Prices on T-shirts range from $225 to $285, crew and hooded sweatshirts from $440 to $495, hats are $110 to $145, and Lois’s hand-knit sweaters are $990.

Paly Hollywood

The road is sold direct-to-consumer in addition to at several specialty stores.

Aidan Cullen @aidancullen1

For the graphics, the launch collection drew from Franco’s large archive of drawings and homed in on the Hollywood theme. 

“Hollywood history has all the time just been something I’m super enthusiastic about, you recognize, I even made movies about it,” Franco said.

Because the launch, the sweatshirts with Franco’s artwork on them have been the most important sellers. Lindgren admits that creating these pieces was “an absolute nightmare” due to the work required to chop the side seams, remove the cuffs and flatten the piece on a digital printing machine. But he stuck with it and customers responded. “I personally just love all of James’ artwork, but most of it is probably not public,” he said. “So I believe it’s great that he can finally showcase his drawing abilities because they’re really good.”

Looking ahead, the partners have plans to further expand the offering into different classifications. Lindgren said next-up will probably be “fully merchandised pants, knits, outerwear and accessories.”

Now that Franco’s association with the brand is being made public, will Glamour magazine’s one-time “Sexiest Actor Alive” be the face of Paly Hollywood?

“I frankly type of love this concept that no one would comprehend it’s me,” he said. “But I felt that could possibly be seen as me attempting to hide or something like that. I’m happy with it and I want my name related to it. But I’m not going to be the model for it or anything like that. I’m the codesigner.”

Through the height of his film profession, Franco was the face of Gucci’s men’s fragrance and a friend of the brand. However the actor’s profession stalled after he was accused of sexual misconduct. He later revealed he had been in treatment for each sex addiction and substance abuse issues.

With that behind him, Franco said he has a pair movies and a series within the can and he can concentrate on his profession in addition to Paly Hollywood. Although he and Lindgren have ambitions to grow, they’re also being cautious. 

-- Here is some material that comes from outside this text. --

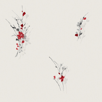 Papier peint vinyle expansé sur intissé - Aquarelle - Fleurs rouges

“There’s no shortcuts in doing things the appropriate way,” Lindgren said. “That’s really essential because we would like all the things to appear to be it’s either been worn before or something’s just spilled on it like paint by an artist. We work with lots of artisans and vendors, and as we grow we would like to to be certain that they’re growing too. It’s almost like family supply chain where we’re all on this together.”

It’s these partnerships that actually connect with Franco. “Coming from the film industry, it’s only a collaborative medium,” he said. “Kyle and I work on each piece together. What’s really fun for me is pitching an idea after which the opposite person builds on it. With that backwards and forwards, you get to a spot where you never would have gotten on your personal.”

Because the brand grows, it is going to proceed to construct on its storytelling prowess centered around each the famous and the unsung heroes of Hollywood. 

Many of the distribution will probably be direct-to-consumer so the brand shouldn’t be hampered by the standard fashion calendar and may introduce latest collections at will. But Lindgren said Paly Hollywood will even proceed to work with a handful of hand-selected retailers.